→ What needs to be done:
Pictures are to be omitted. Output only the lines from the one containing "Confident handsome stylish" through the end of the data, word for word.

→ Source data:

=-=-=

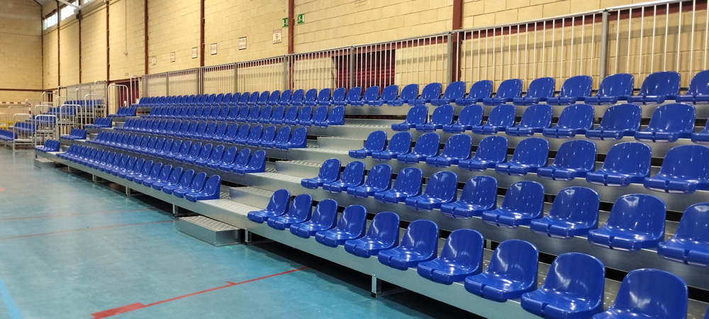 - Die gesamte Tribünenkonstruktion sowie Handläufe, Stufen und Plattformen sind aus hochwertigem, verzinktem Stahl gefertigt. Die robuste Stahlkonstruktion ist mit rutschfesten Trittflächen als Bodenbelag ausgestattet. Die gesamte Konstruktion erfüllt alle wichtigen europäischen Normen und bietet maximale Stabilität und Sicherheit sowohl im Innen- als auch im Außenbereich. Die Sitzschalen bestehen aus schlagzähem, UV-beständigem und wetterfestem Polypropylen, in flammhemmender Ausführung. Auf Wunsch auch in B1 schwer entflammbarer Ausführung erhältlich. Preis auf Anfrage.
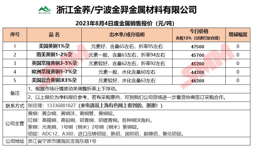8月4日浙江金荞/宁波金羿 废铜销售报价
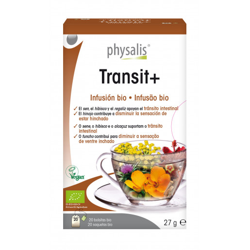 Stress temporário, mudanças de hábitos de vida ou alimentares, viajar,… perturbam às vezes os nossos intestinos. Physalis Transit+ infusão de plantas bio contém sene, hibisco e alcaçuz que suportam o trânsito intestinal. O funcho contribui para diminuir a sensação de ventre inchado. Utilizar para aliviar temporariamente a atividade intestinal. Sabor suave e agradável. Uma alimentação rica em fibras (cereais completos, frutas frescas, alimentos crus,…), praticar exercício físico e ingerir bastantes líquidos são as atitudes certas para favorecer naturalmente a evacuação intestinal.
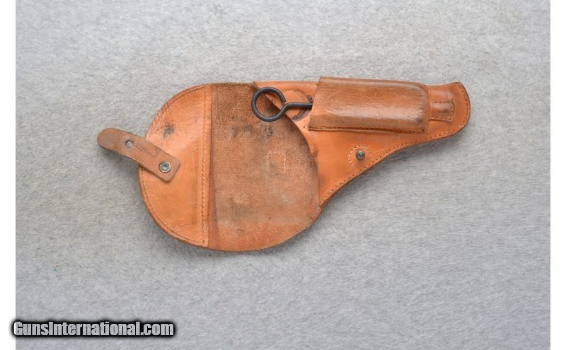 Description: This CZ Model CZ52 is a right hand semi-auto pistol in 7.62x25mm Tokarev Cal. It has a 4.5 inch barrel with a rear serrated slide. A blade front and notch rear sight. The grip is a ribbed brown Bakelite. It has a ringed serrated hammer. It comes with a leather holster. 7.62x25mm Tokarev SOLD Chambers: Semi-Auto 7 round magazine. Metal Condition: Very good. Minor handling marks and minor wear. Bore Condition: Excellent. Barrels: 4.5 inch barrel with a rear serrated slide. Weight: 35 Oz. Sights: Blade front. Notch rear. Item Location: Avon, OH |
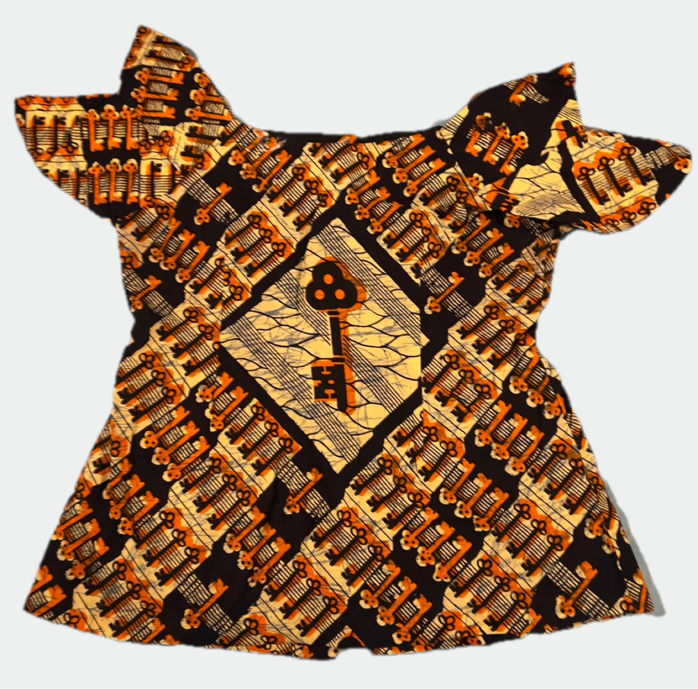 60This is a unique printed top and skirt set. The fabric features a distinctive pattern with a key design. Perfect for adding a pop of color and style to your wardrobe! Medium
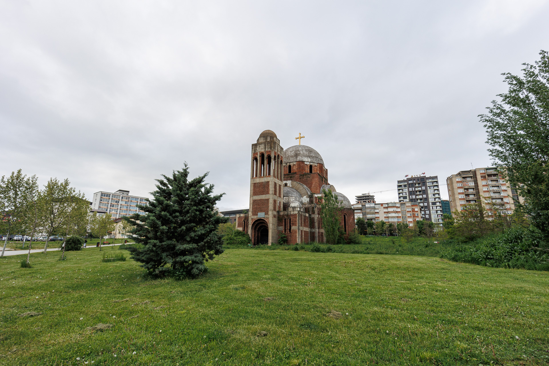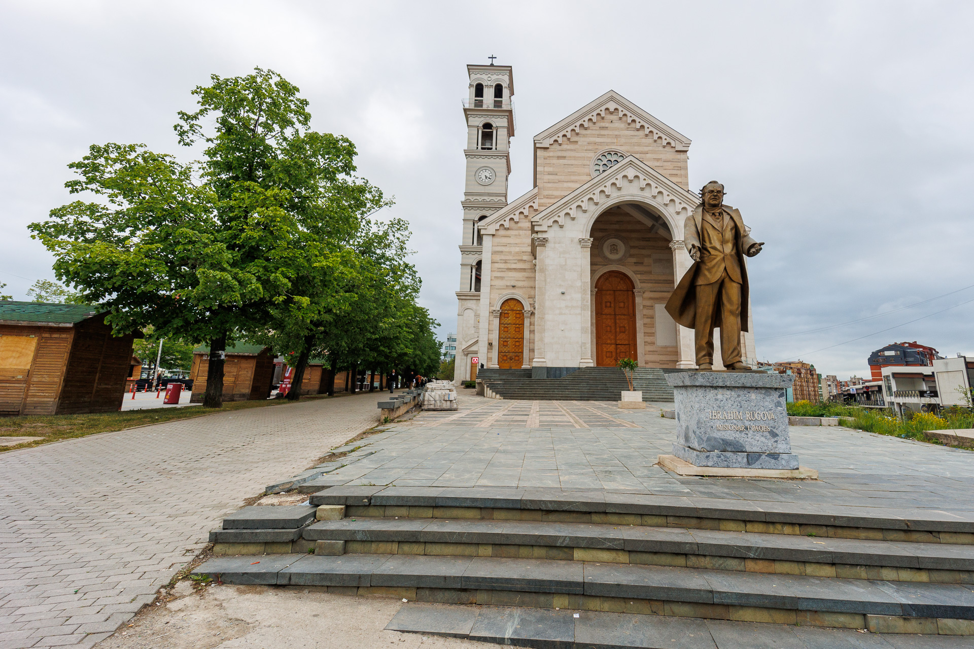 La cathédrale Mère-Theresa est la plus grande des Balkans et la seule au monde à être dédiée à Mère-Theresa. Devant le parvis, on retrouve une statue d’Ibrahim Rugova. Ce dernier s’est converti au catholicisme en 2006 peu avant son décès.
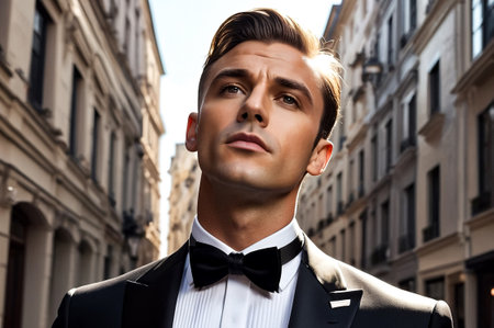 Confident handsome stylish guy in tuxedo and bow tie posing at urban street, serious look. Portrait of fashionable young man businessman in tux outside, lux image James Bond style. Copy ad text space
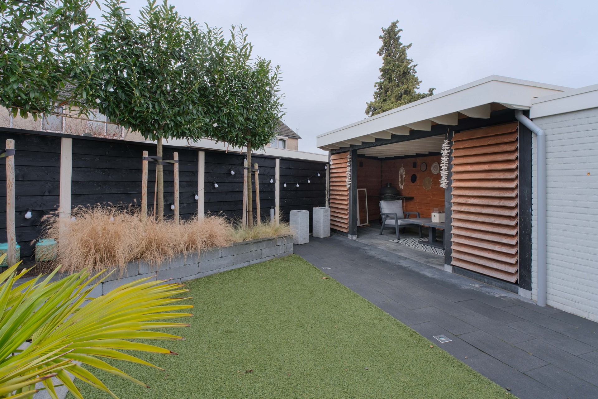 - Houten overkapping in achtertuin

=-=-=

→ Answer to the problem:
 Confident handsome stylish guy in tuxedo and bow tie posing at urban street, serious look. Portrait of fashionable young man businessman in tux outside, lux image James Bond style. Copy ad text space
 - Houten overkapping in achtertuin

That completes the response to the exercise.